Antes disso, em 1560, a Igreja Presbiteriana da Escócia (Presbyterian Kirk - regulamentada por anciãos em vez de bispos) tinha se tomado a Igreja Nacional do país. Ao sul da fronteira, a Igreja Anglicana existia desde a autorização por parte de Elizabeth I dos Trinta e Nove Artigos da doutrina inglesa em 1563. Assim, quando os Stuarts sucederam como monarcas gerais da Grã-Bretanha, eles supostamente deveriam manter duas importantes igrejas, sem que uma ofendesse a outra. Era uma tarefa impossível, principalmente porque o rei seria o Chefe da Igreja da Inglaterra. Para atingir um equilíbrio, os Stuarts fundaram a Igreja Episcopal Escocesa, que introduzia uma estrutura parecida com a dos bispos protestantes, paralela à equivalente anglicana. Mas os reis tinham, então, uma terceira Igreja para manter, o que complicava as coisas ainda mais. Acima de tudo isso, havia outra complicação. Além de serem reis da Grã-Bretanha, os Stuarts eram também reis da Irlanda (o Estado Livre irlandês só seria estabelecido em 1921), tendo, portanto, responsabilidades com o povo irlandês, que era tradicionalmente católico.

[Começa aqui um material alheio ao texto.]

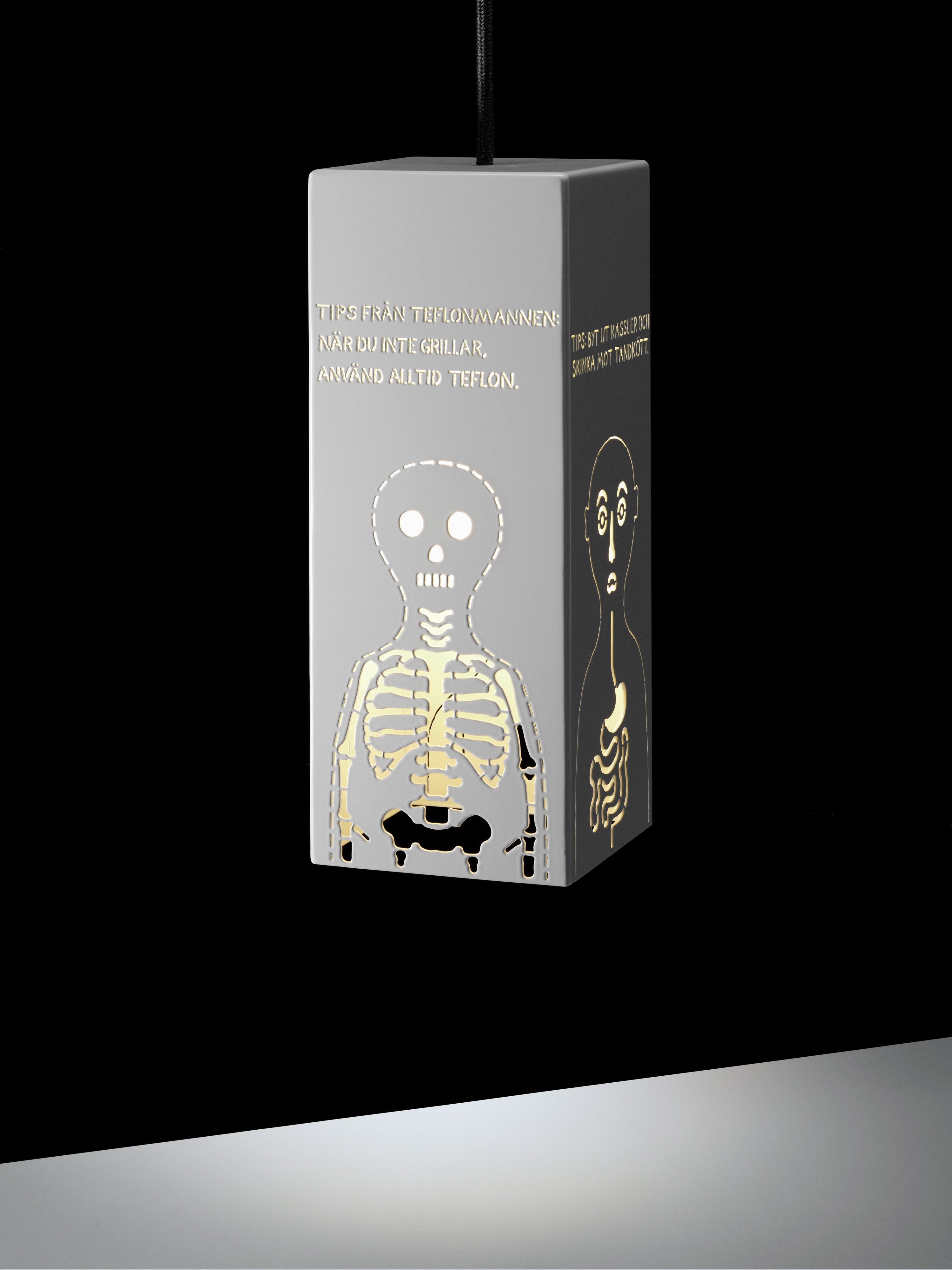 Taklampa utförd i vitlackerad perforerad metall. Armaturen finns med ett flertal olika motiv och teman. Lamporna är tillverkade i Tullinge utanför Stockholm.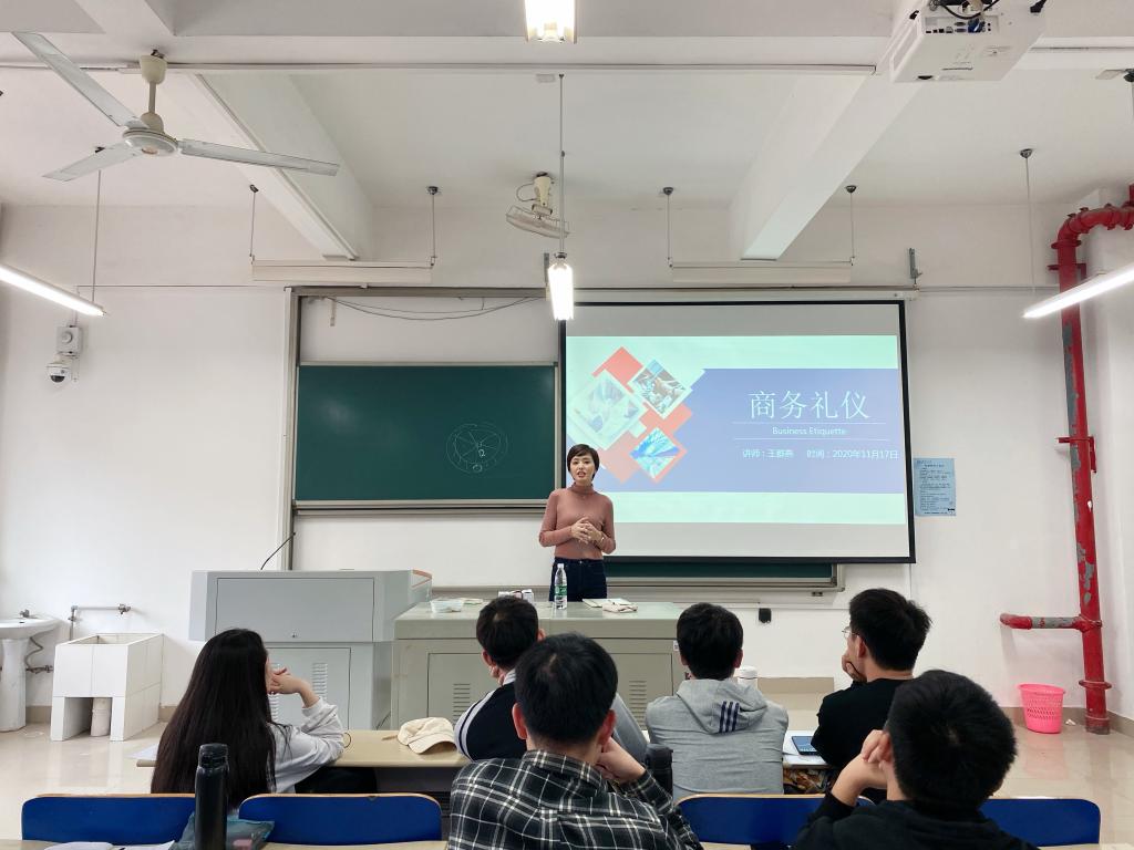 2020年11月17日14:00,三一集团与威廉体育williamhill联培国际班第三次培训课程在工一B211举行。本次课程由三一集团泵送事业部国际营销公司国际营销管理经理王群燕经理主讲,主题为“商务礼仪”,国际班十八名学员参与了此次培训。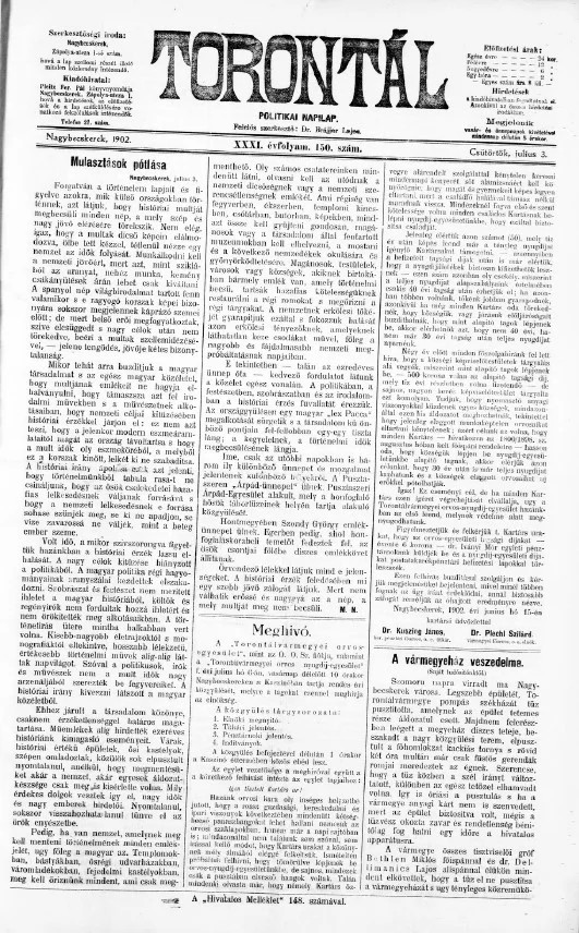 Torontál, 31. évf. 1902. július 3. 150. sz.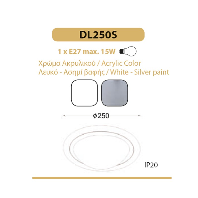Φωτιστικό Πλαφονιέρα 1xΕ27 Στρογγυλό Ακρυλικό Λευκό Πλαστικό Χρώμιο ACA – DL250S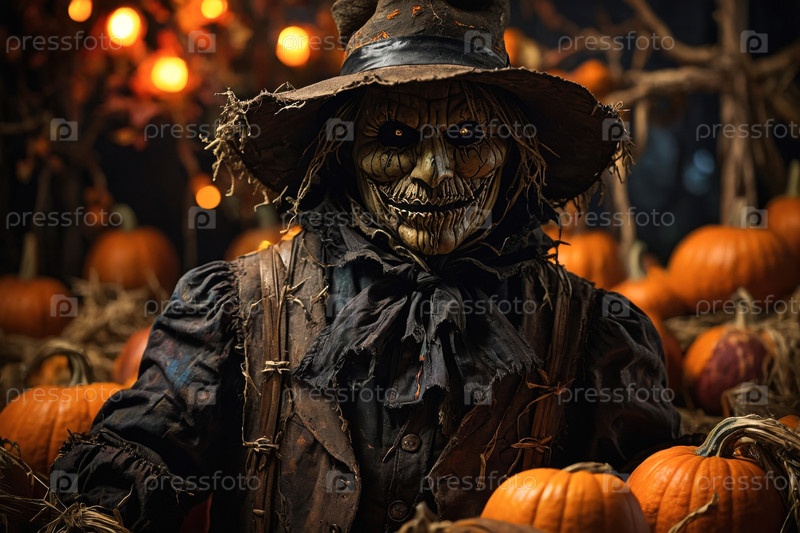 Страшный боги на ферме с тыквой пугает Хэллоуина Ворон AI Generative

Elizabeth I tinha governado sem consultar o Parlamento com freqüência, e deixara a Coroa com dívidas consideráveis. Conseqüentemente, o rei James foi obrigado a implementar uma taxação mais alta. No entanto, ao aprovar essa medida, o Parlamento insistiu que ele não governasse no estilo autocrático de Elizabeth. Na verdade, estipulou uma série de restrições que praticamente deixavam o rei sem poderes individuais. James respondeu declarando que, segundo a tradição escocesa, ele não prestava contas a nenhum Parlamento, mas somente a Deus e à nação. Era seu dever, afirmou, manter a Constituição Escrita da Escócia em nome do povo e assumir posições contrárias ao Parlamento e à Igreja, se elas se fizessem necessárias. Diferentemente da Escócia, porém, a Inglaterra não tinha uma Constituição Escrita (como ainda não tem), e nada protegia os direitos e as liberdades do povo. Existia apenas uma tradição feudal que investia as classes altas feudais de poder de terras.

Durante toda a era Stuart, as diferenças religiosas entre as facções rivais da Igreja Cristã se faziam muito evidentes. Ao instituir os Atos de Uniformidade com respeito ao Book of Common Prayer (Livro da Oração Comum), James VI (I) irritou os católicos e incitou no Parlamento o Golpe da Pólvora contra ele. Por outro lado, ao introduzir a sua Versão Autorizada da Bíblia, fez com que os protestantes afirmassem que ele estava do lado de Roma. Não havia modo de um rei Stuart satisfazer os anglicanos, presbiterianos, episcopais e católicos sem ser plenamente tolerante com todos. O Problema era que o Parlamento anglicano não reagia bem a essa tolerância, principalmente quando ela se estendia inclusive aos judeus.

Quando o filho de James, Charles I, ascendeu ao trono, sua preocupação imediata era a natureza discriminatória do Parlamento de Westminster. Os ministros estavam tão envolvidos em disputas religiosas e territoriais que tinham esquecido a administração do país. Charles, então, dissolveu o problemático Parlamento em 1629 e instituiu uma administração nova. Com isso, ganhou uma considerável popularidade; também conseguiu equilibrar o orçamento nacional pela primeira vez em séculos. Em seis anos, ele era mais favoravelmente aceito do que qualquer monarca desde Henry VII (1485-1509) - mas quando os dogmáticos puritanos ascenderam ao poder. o reinado de Charles ruiu.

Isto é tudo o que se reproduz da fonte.